Currently, we have two different methods to generate the "baseline" image and compare them:

using the decorator @pytest.mark.mpl_image_compare
using the decorator @check_figures_equal()

The @pytest.mark.mpl_image_compare method is the most straightforward way to do image testing. Using the decorator, we need to generate baseline images, check their correctness, and store them in the repository (https://github.com/GenericMappingTools/pygmt/tree/master/pygmt/tests/baseline).

Pros:

We can visually check the baseline images to make sure they are correct

Cons:

Have to store the static PNG images in the repository. The repository size grows quickly.

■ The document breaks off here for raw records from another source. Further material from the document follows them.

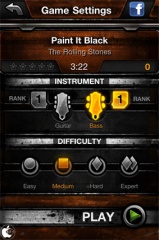 ゲームの設定では、曲毎に、ギターかベースを選択することができ、またゲームレベルも選択することが出来るようになっています。
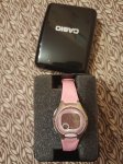 Часы детские, но подойдут и на взрослую узкую руку. Кажется это самые маленькие по диаметру циферблата (внутренний диаметр 2,5 см) цифровые часы Casio. Минимальный охват по ремешку примерно 11,5 см. В реальности часы более нежного розового цвета, чем на фото и кислотно-розовыми не выглядят. Ободок спереди серебристый, а сбоку из прозрачного пластика, хотя на фото этого не видно. Ребенок доволен, а мне не хватает будильника с возможностью выбора дня недели как у рядовых китайских часов, но у Casio по-моему таких будильников не бывает вовсе. Секундомер тоже скорее номинальный, на два измерения (а не на 10, как в "недетских" спортивных Casio). Зачем в детских часах добавлена функция "мирового времени" я искренне не понимаю. Ежечасный сигнал выглядит для ребенка тоже не очень полезным, но пусть будет. Самое главное - это все-таки Casio, с нормальной батарейкой и влагозащенностью. Плавать в них не рекомендуется, но руки мыть точно можно, а когда часы на руке у ребенка, влагозащищенность важна.
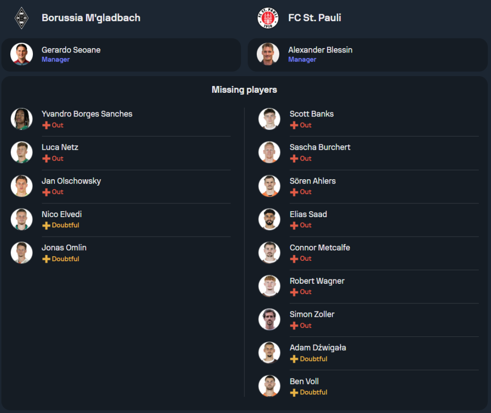 ซังต์ เพาลี: ทีมเยือนยังคงเจอปัญหาเรื่องผู้เล่นบาดเจ็บอย่างต่อเนื่อง โดยเฉพาะในแดนกลางที่ขาด โรเบิร์ต ว้ากเนอร์ และ คอนเนอร์ เม็ตคัลเฟ่ รวมถึงกองหน้าอย่าง เอเลียส ซาอัด และ สกอตต์ แบงค์ ที่ยังไม่พร้อม เกมนี้ โค้ชของทีมคาดว่าจะส่งทีมในระบบ 3-4-3 โดยมี โอลาดาโป้ อาโฟลายาน, โยฮันเนส เอ้กสไตน์ และ มอร์แกน กีลาโวกี เป็นสามประสานในแดนหน้า

To avoid storing many large static images in the repository, we (mainly @weiji14 and @seisman) had some discussions (in #451, #522) and developed the @check_figures_equal decorator (#555, #590, #600).

Below is an example test using the @check_figures_equal() decorator:

https://github.com/GenericMappingTools/pygmt/blob/e0579275d00c7a69d25a82b4c8936e0b0b1b7577/pygmt/tests/test_basemap.py#L67-L77

In this example, the baseline/reference image fig_ref is generated using basemap(R="0/360/0/1000", J="P6i", B="afg"), while the test image fig_test is generated using basemap(region=[0, 360, 0, 1000], projection="P6i", frame="afg"). We can't see what the baseline image looks like, but we're somehow confident that the baseline image is correct, because the basemap wrapper is very simple.

Pros:

Don't need to store static images in the repository, thus keep the repository size small

Cons:

For each test, we have to generate two images (baseline and test images), which doubles the execution time
We can't visually check the correctness of the baseline images
If we decided to disable single-character parameters (i.e, J="X10c/10c" is disallowed) as proposed in #262 (also related to #256), then most of the code for generating reference images will be invalid.

For some complicated wrappers, we even can't easily know if the reference image is correct. For example,

https://github.com/GenericMappingTools/pygmt/blob/e0579275d00c7a69d25a82b4c8936e0b0b1b7577/pygmt/tests/test_subplot.py#L30-L42

In this test, we expect that the baseline image has a 2-row-by-1-column subplot layout. However, if we make a silly mistake in Figure.subplot, resulting in a 1-row-by-2-column layout, the test still passes, because both the baseline and test images have the same "wrong" layout. Then the test is useless to us.

Almost every plotting tools have to decide if they want to store static images in the repository. There are some similar discussions in the upstream GMT project (https://github.com/GenericMappingTools/gmt/issues/3470) and the matplotlib project (https://github.com/matplotlib/matplotlib/issues/16447).

As we're having more active developers now, I think we should rethink how we want to test PyGMT.

willschlitzer commented 3 years ago

I'm a fan of switching to @check_figures_equal(), although I understand the difficulties associated with having our testing functions make so many plots. I mostly like the idea of not having a large repository of reference plots, especially for when we have changes in the plotting function, like in GMT 6.2.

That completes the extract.